§ **TASK DETAILS**
Any image in the records is to be skipped; everything else should be reproduced exactly.

☆ ☆ ☆ ☆ ☆

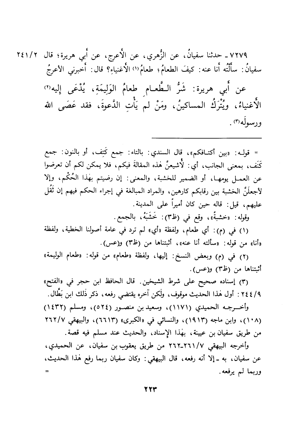٧٢٧٩ - حَدَّثَنَا سُفْيَانُ، عَنِ الزُّهْرِيِّ، عَنِ الْأَعْرَجِ، عَنْ أَبِي هُرَيْرَةَ - قَالَ سُفْيَانُ: سَأَلْتُهُ أَنَا عَنْهُ: كَيْفَ الطَّعَامُ، طَعَامَ (١) الْأَغْنِيَاءِ؟ قَالَ: أَخْبَرَنِي الْأَعْرَجُ، عَنْ أَبِي هُرَيْرَةَ -: " شَرُّ الطَّعَامِ طَعَامُ الْوَلِيمَةِ، يُدْعَى إِلَيْه (٢) الْأَغْنِيَاءُ، وَيُتْرَكُ الْمَسَاكِينُ، وَمَنْ لَمْ يَأْتِ الدَّعْوَةَ، فَقَدْ عَصَى اللهَ وَرَسُولَهُ " (٣)
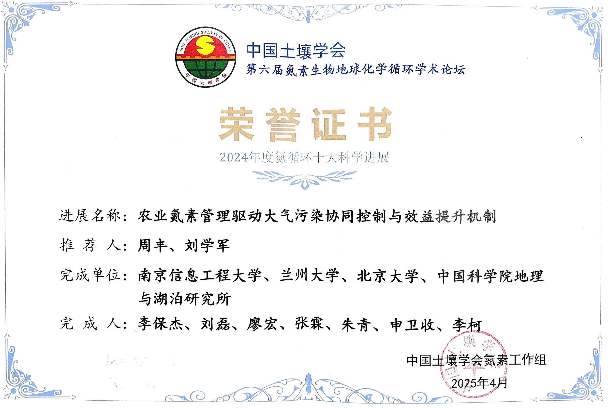 近日,第六届氮素生物地球化学循环学术论坛在南京市成功召开,伟德源自英国1946廖宏教授团队联合中科院南京地理与湖泊研究所、北京大学相关团队的研究成果“农业氮素管理驱动大气污染协同控制与效益提升机制”入选2024年度“氮循环十大科学进展”。成果的主要完成人为李保杰教授、刘磊研究员、廖宏教授、张霖研究员、朱青研究员、申卫收教授、李柯教授。
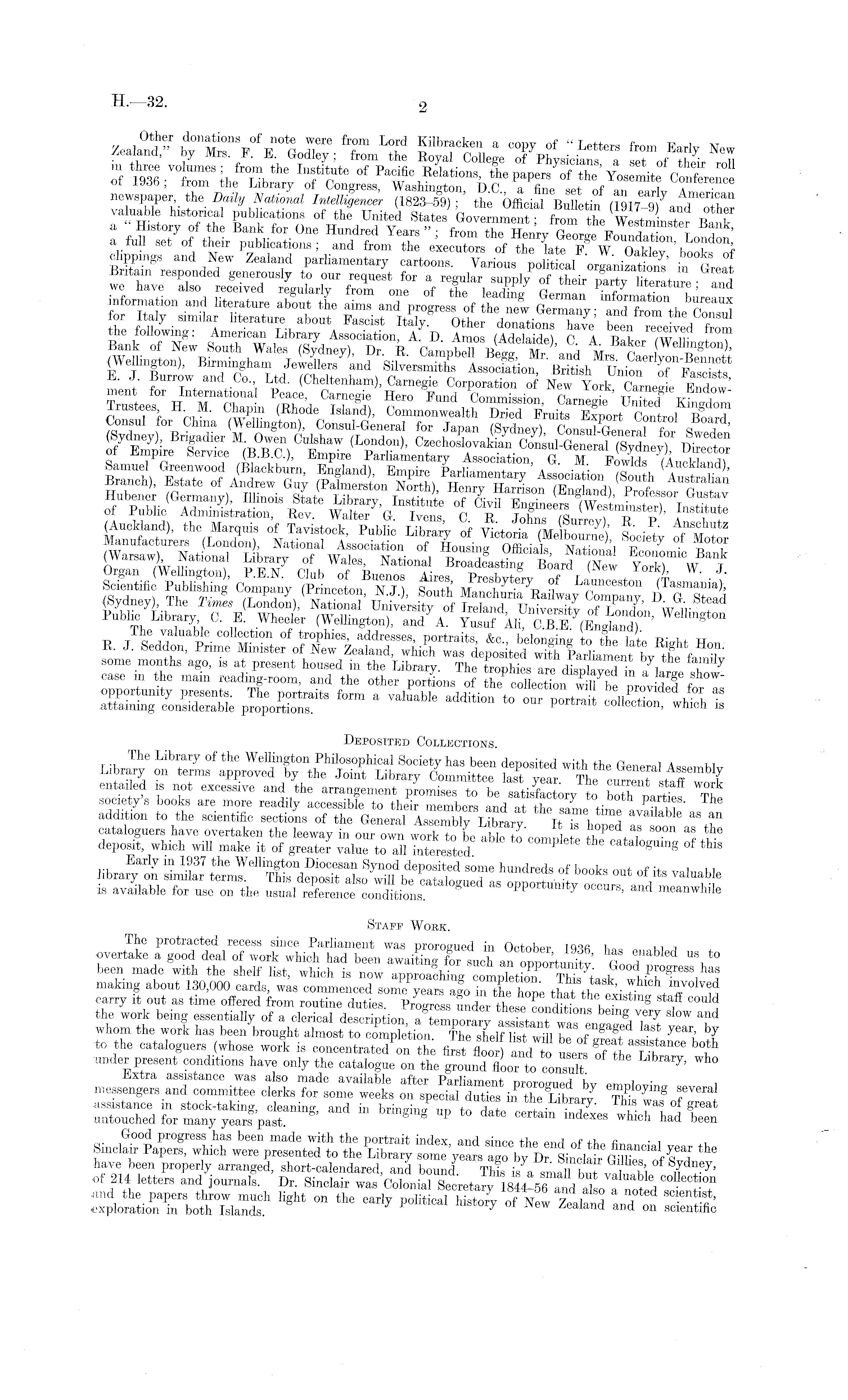 Zealand'" iTr *7* a copy of "Letters from Early New S SS -wr, Si'r S?olm'bluu aôut Tir v* ;™ M " «»> public,,,», of J United St. J the <w ItaLta B tk' a History of the Bank for One Hundred Years"; from the Henry George FoundaXn London u set of their publications; and from the executors of the late F W Oaklev 'books of «l pprngs »,„1 New Ze.l.nd p.rli.m.ntery cartoons. V.riou, politic! orLisa.S' in Great Britain responded generously to our request for a regular supply of their party literature ■ and' we have also received regularly from one of thp lar,riii,r n ■ n «erature, and the following: American Library Association, A. D Amos P A "R l /w ir 2 »s tees H M. Chapm (Rhode Island), Commonwealth Dried Fruits Exnort fYmtml ~rL (Sydney), Brigadier MffiKS), Sor of Empire Service (8.8.C.), Empire Parliamentary Association, G. M (AuckkndT Branch), ETS(pSSL^S, nT iSsr-Jts % %' ills R The valuable collection of trophies, addresses, portraits, &c„ belonging to the late Rieht Hon . J. Seddon, Prime Minister of New Zealand, which was deposited with Parliament bv the family some months ago, is at present housed in the Library. The trophies are dispkved n7w I 7 case m the mam reading-room, and the other portions of thecdSection wffl lILT f opportunity presents. The portraits form a valuable addition to our ItS K v attaining considerable proportions. portrait collection, which is Deposited Collections. mg I: b s,f« sns w Ti,f e f/rn entailed is not excessive and the arrangement promises to be satisfactory t K +V, society's books are more readily accessible to thek Members and at the s me V addition to the scientific sections of the General Assembly lihrarv T+ V available as an cataloguers have overtaken the leeway in our own work to be able to'complete th° P 't7 S °° n a # deposit, which will make it of greater value to all interested cataloguing of this Staff Wobk. The protracted recess since Parliament was prorogued in October mfi W a •overtake a good deal of work which had been awaiting for such an opportunity' P nT V 0 been made with the shelf list, which is now approaching completion THs task wHeh o^® 88 ! j making about 130,000 cards, was commenced some years ago in the hope that theexistit Vff u carry it out as time offered from routine duties Proems LrW •? , existm B staff could the work being essentially of a clerical 7? f whom the work has been brought almost to completion The shelf list will he nfJ t I ? to the cataloguers (whose work is concentrated on the first floor) and to users ? under present conditions have only the catalogue on the ground flLrTo consult 7 ' messengers c£L Trt Tl Good progress has been made with the portrait index, and since the end nf • 1 ,1 Sinclair Papers, which were presented to the Library some years aao bv [),- HiJi tave been properly arranged, short-calendared, and bound, Thfs is a small bS mthi «1 214 letters and journal.. Dr. Sinclair .a. Colonial Seor.to 184«6 and .to f noted Z 'T," and the papers throw much light on the early political history of AT™ 7 1 j f scientist, exploration in both Islands. 7 political History of New Zealand and on scientific
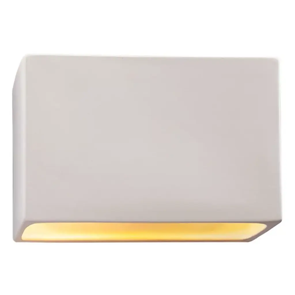 Flooding your wall with light and style. A blend of minimalist appeal and impressive functionality, the Justice Design Group Ambiance Rectangular ADA Wall Sconce - Open Top & Bottom has a casual but significant impact on your patio or entryway. With open mouths on both ends of the sconce, directional lighting washes above and below the fixture. The up and downlighting emphasize specific areas while creating a strong and far-reaching ambient glow. The structure itself has an understated presence, with the smooth Ceramic frame featuring dulled angles and thin walls that don’t distract from the powerful illumination. For any wall in the darkest corners, this exterior sconce is an excellent choice.
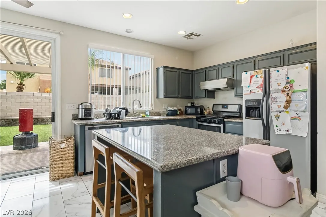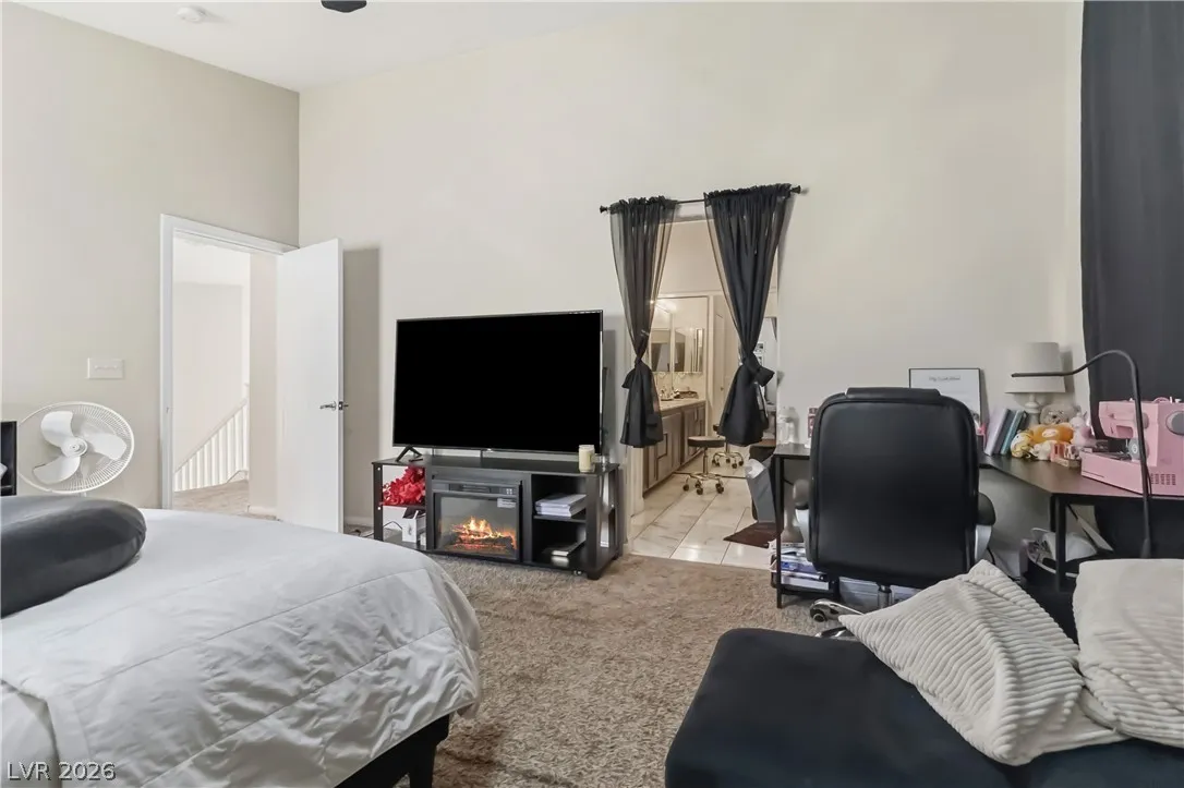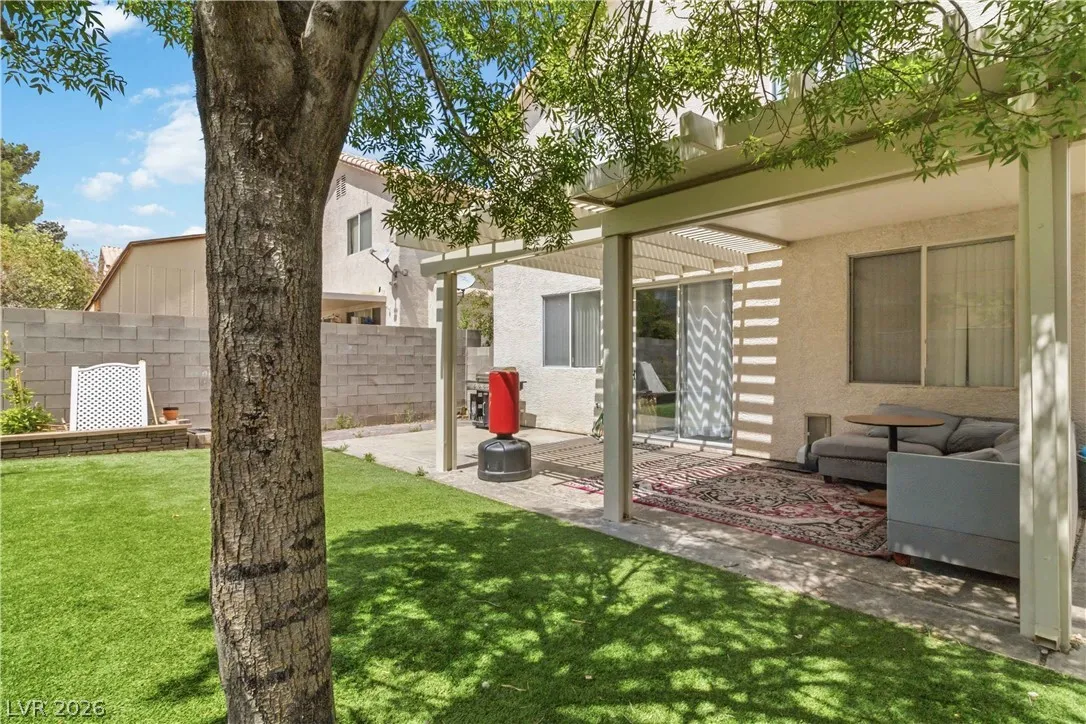 Welcome to this spacious 4-bedroom, 2.5-bath Las Vegas home with vaulted ceilings in the formal living and dining areas—ideal for entertaining or creating a flexible space to suit your needs. The kitchen features stainless steel appliances, a large island, solid surface countertops, and a cozy eat-in area. A two-sided fireplace connects the living and family rooms, adding warmth and character to the main living spaces. Upstairs, you’ll find four generously sized bedrooms, including a primary suite with vaulted ceilings and a walk-in closet. One secondary bedroom offers an oversized layout and also has walk-in closet. The upstairs laundry room adds everyday convenience. The backyard is designed for low-maintenance living, complete with artificial turf, stacked stone planters, and a large covered patio- ideal for outdoor relaxation or entertaining. Conveniently located near shopping, dining, and major roadways, this home offers space, functionality, and a great location.

☆ ☆ ☆ ☆ ☆

§ **TASK RESPONSE**
٧٢٧٩ - حَدَّثَنَا سُفْيَانُ، عَنِ الزُّهْرِيِّ، عَنِ الْأَعْرَجِ، عَنْ أَبِي هُرَيْرَةَ - قَالَ سُفْيَانُ: سَأَلْتُهُ أَنَا عَنْهُ: كَيْفَ الطَّعَامُ، طَعَامَ (١) الْأَغْنِيَاءِ؟ قَالَ: أَخْبَرَنِي الْأَعْرَجُ، عَنْ أَبِي هُرَيْرَةَ -: " شَرُّ الطَّعَامِ طَعَامُ الْوَلِيمَةِ، يُدْعَى إِلَيْه (٢) الْأَغْنِيَاءُ، وَيُتْرَكُ الْمَسَاكِينُ، وَمَنْ لَمْ يَأْتِ الدَّعْوَةَ، فَقَدْ عَصَى اللهَ وَرَسُولَهُ " (٣)
 近日,第六届氮素生物地球化学循环学术论坛在南京市成功召开,伟德源自英国1946廖宏教授团队联合中科院南京地理与湖泊研究所、北京大学相关团队的研究成果“农业氮素管理驱动大气污染协同控制与效益提升机制”入选2024年度“氮循环十大科学进展”。成果的主要完成人为李保杰教授、刘磊研究员、廖宏教授、张霖研究员、朱青研究员、申卫收教授、李柯教授。
 Zealand'" iTr *7* a copy of "Letters from Early New S SS -wr, Si'r S?olm'bluu aôut Tir v* ;™ M " «»> public,,,», of J United St. J the <w ItaLta B tk' a History of the Bank for One Hundred Years"; from the Henry George FoundaXn London u set of their publications; and from the executors of the late F W Oaklev 'books of «l pprngs »,„1 New Ze.l.nd p.rli.m.ntery cartoons. V.riou, politic! orLisa.S' in Great Britain responded generously to our request for a regular supply of their party literature ■ and' we have also received regularly from one of thp lar,riii,r n ■ n «erature, and the following: American Library Association, A. D Amos P A "R l /w ir 2 »s tees H M. Chapm (Rhode Island), Commonwealth Dried Fruits Exnort fYmtml ~rL (Sydney), Brigadier MffiKS), Sor of Empire Service (8.8.C.), Empire Parliamentary Association, G. M (AuckkndT Branch), ETS(pSSL^S, nT iSsr-Jts % %' ills R The valuable collection of trophies, addresses, portraits, &c„ belonging to the late Rieht Hon . J. Seddon, Prime Minister of New Zealand, which was deposited with Parliament bv the family some months ago, is at present housed in the Library. The trophies are dispkved n7w I 7 case m the mam reading-room, and the other portions of thecdSection wffl lILT f opportunity presents. The portraits form a valuable addition to our ItS K v attaining considerable proportions. portrait collection, which is Deposited Collections. mg I: b s,f« sns w Ti,f e f/rn entailed is not excessive and the arrangement promises to be satisfactory t K +V, society's books are more readily accessible to thek Members and at the s me V addition to the scientific sections of the General Assembly lihrarv T+ V available as an cataloguers have overtaken the leeway in our own work to be able to'complete th° P 't7 S °° n a # deposit, which will make it of greater value to all interested cataloguing of this Staff Wobk. The protracted recess since Parliament was prorogued in October mfi W a •overtake a good deal of work which had been awaiting for such an opportunity' P nT V 0 been made with the shelf list, which is now approaching completion THs task wHeh o^® 88 ! j making about 130,000 cards, was commenced some years ago in the hope that theexistit Vff u carry it out as time offered from routine duties Proems LrW •? , existm B staff could the work being essentially of a clerical 7? f whom the work has been brought almost to completion The shelf list will he nfJ t I ? to the cataloguers (whose work is concentrated on the first floor) and to users ? under present conditions have only the catalogue on the ground flLrTo consult 7 ' messengers c£L Trt Tl Good progress has been made with the portrait index, and since the end nf • 1 ,1 Sinclair Papers, which were presented to the Library some years aao bv [),- HiJi tave been properly arranged, short-calendared, and bound, Thfs is a small bS mthi «1 214 letters and journal.. Dr. Sinclair .a. Colonial Seor.to 184«6 and .to f noted Z 'T," and the papers throw much light on the early political history of AT™ 7 1 j f scientist, exploration in both Islands. 7 political History of New Zealand and on scientific
 Flooding your wall with light and style. A blend of minimalist appeal and impressive functionality, the Justice Design Group Ambiance Rectangular ADA Wall Sconce - Open Top & Bottom has a casual but significant impact on your patio or entryway. With open mouths on both ends of the sconce, directional lighting washes above and below the fixture. The up and downlighting emphasize specific areas while creating a strong and far-reaching ambient glow. The structure itself has an understated presence, with the smooth Ceramic frame featuring dulled angles and thin walls that don’t distract from the powerful illumination. For any wall in the darkest corners, this exterior sconce is an excellent choice.
 Welcome to this spacious 4-bedroom, 2.5-bath Las Vegas home with vaulted ceilings in the formal living and dining areas—ideal for entertaining or creating a flexible space to suit your needs. The kitchen features stainless steel appliances, a large island, solid surface countertops, and a cozy eat-in area. A two-sided fireplace connects the living and family rooms, adding warmth and character to the main living spaces. Upstairs, you’ll find four generously sized bedrooms, including a primary suite with vaulted ceilings and a walk-in closet. One secondary bedroom offers an oversized layout and also has walk-in closet. The upstairs laundry room adds everyday convenience. The backyard is designed for low-maintenance living, complete with artificial turf, stacked stone planters, and a large covered patio- ideal for outdoor relaxation or entertaining. Conveniently located near shopping, dining, and major roadways, this home offers space, functionality, and a great location.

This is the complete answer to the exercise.